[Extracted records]

== Segment start ==

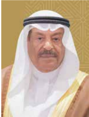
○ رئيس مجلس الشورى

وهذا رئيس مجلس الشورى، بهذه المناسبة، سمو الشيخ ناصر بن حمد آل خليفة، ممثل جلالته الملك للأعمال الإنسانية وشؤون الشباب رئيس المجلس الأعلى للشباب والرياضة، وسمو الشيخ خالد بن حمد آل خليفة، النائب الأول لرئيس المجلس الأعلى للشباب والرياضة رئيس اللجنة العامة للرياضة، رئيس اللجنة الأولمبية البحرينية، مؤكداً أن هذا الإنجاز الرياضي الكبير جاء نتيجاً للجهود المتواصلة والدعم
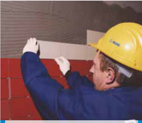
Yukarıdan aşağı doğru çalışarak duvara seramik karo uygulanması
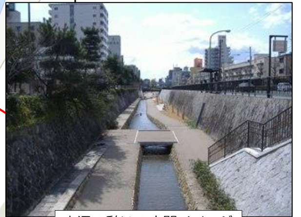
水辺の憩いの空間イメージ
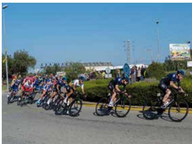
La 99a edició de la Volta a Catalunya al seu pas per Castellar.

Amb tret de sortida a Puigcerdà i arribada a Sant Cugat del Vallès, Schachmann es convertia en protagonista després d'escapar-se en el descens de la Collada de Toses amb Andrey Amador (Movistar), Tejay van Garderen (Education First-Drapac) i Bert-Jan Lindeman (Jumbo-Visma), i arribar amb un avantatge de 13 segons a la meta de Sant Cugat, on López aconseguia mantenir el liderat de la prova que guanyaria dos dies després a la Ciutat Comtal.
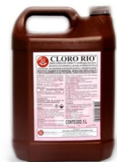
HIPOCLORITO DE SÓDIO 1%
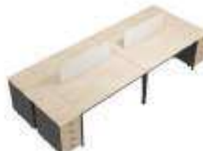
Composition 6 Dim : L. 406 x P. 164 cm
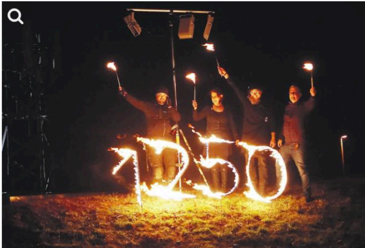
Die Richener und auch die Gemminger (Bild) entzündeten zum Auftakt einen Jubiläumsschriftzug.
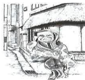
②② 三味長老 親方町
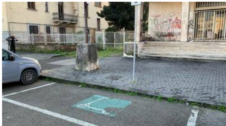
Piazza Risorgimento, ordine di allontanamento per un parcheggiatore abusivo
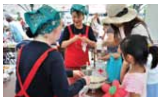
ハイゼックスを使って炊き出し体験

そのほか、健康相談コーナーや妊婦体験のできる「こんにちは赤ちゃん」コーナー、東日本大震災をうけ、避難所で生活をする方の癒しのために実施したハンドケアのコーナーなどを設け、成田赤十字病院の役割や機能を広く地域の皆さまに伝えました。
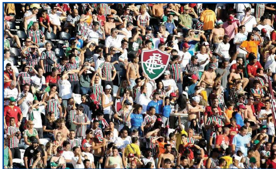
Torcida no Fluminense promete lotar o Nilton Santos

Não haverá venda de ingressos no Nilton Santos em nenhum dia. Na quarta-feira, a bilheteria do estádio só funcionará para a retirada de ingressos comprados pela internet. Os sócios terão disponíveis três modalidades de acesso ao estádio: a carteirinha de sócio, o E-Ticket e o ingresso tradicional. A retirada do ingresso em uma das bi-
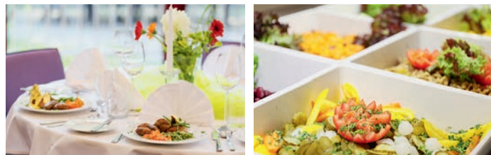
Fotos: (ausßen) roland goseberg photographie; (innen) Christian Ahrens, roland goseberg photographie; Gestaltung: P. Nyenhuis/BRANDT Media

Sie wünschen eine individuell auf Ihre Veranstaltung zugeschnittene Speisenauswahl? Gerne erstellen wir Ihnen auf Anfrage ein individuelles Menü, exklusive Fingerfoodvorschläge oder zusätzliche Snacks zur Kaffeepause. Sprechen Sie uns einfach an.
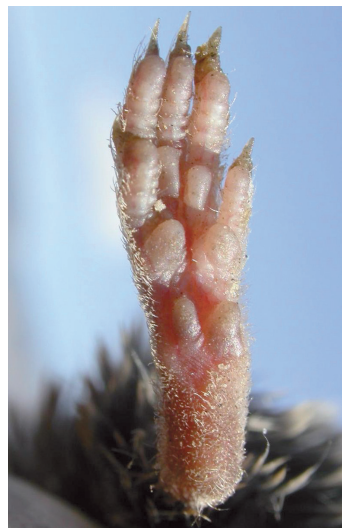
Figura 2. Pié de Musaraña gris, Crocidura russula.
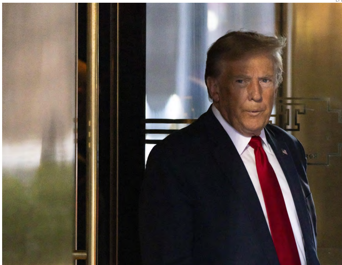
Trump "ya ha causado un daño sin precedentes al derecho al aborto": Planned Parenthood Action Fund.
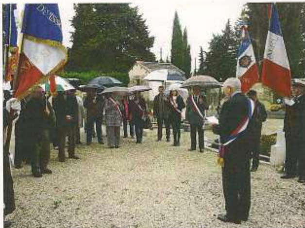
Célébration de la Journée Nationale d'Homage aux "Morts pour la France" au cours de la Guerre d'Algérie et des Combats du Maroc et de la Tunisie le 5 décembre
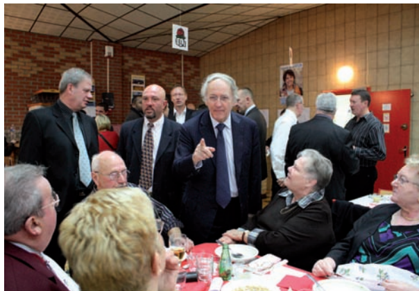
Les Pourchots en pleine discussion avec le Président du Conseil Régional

== Segment end ==

**AIM OF THE EXERCISE**. Please repeat exactly the lines from the one containing "Parenthood Action Fund." through the last line of the records, both included, and leave out the pictures.

**ANSWER FOR THE TASK**.
Trump "ya ha causado un daño sin precedentes al derecho al aborto": Planned Parenthood Action Fund.
Célébration de la Journée Nationale d'Homage aux "Morts pour la France" au cours de la Guerre d'Algérie et des Combats du Maroc et de la Tunisie le 5 décembre
Les Pourchots en pleine discussion avec le Président du Conseil Régional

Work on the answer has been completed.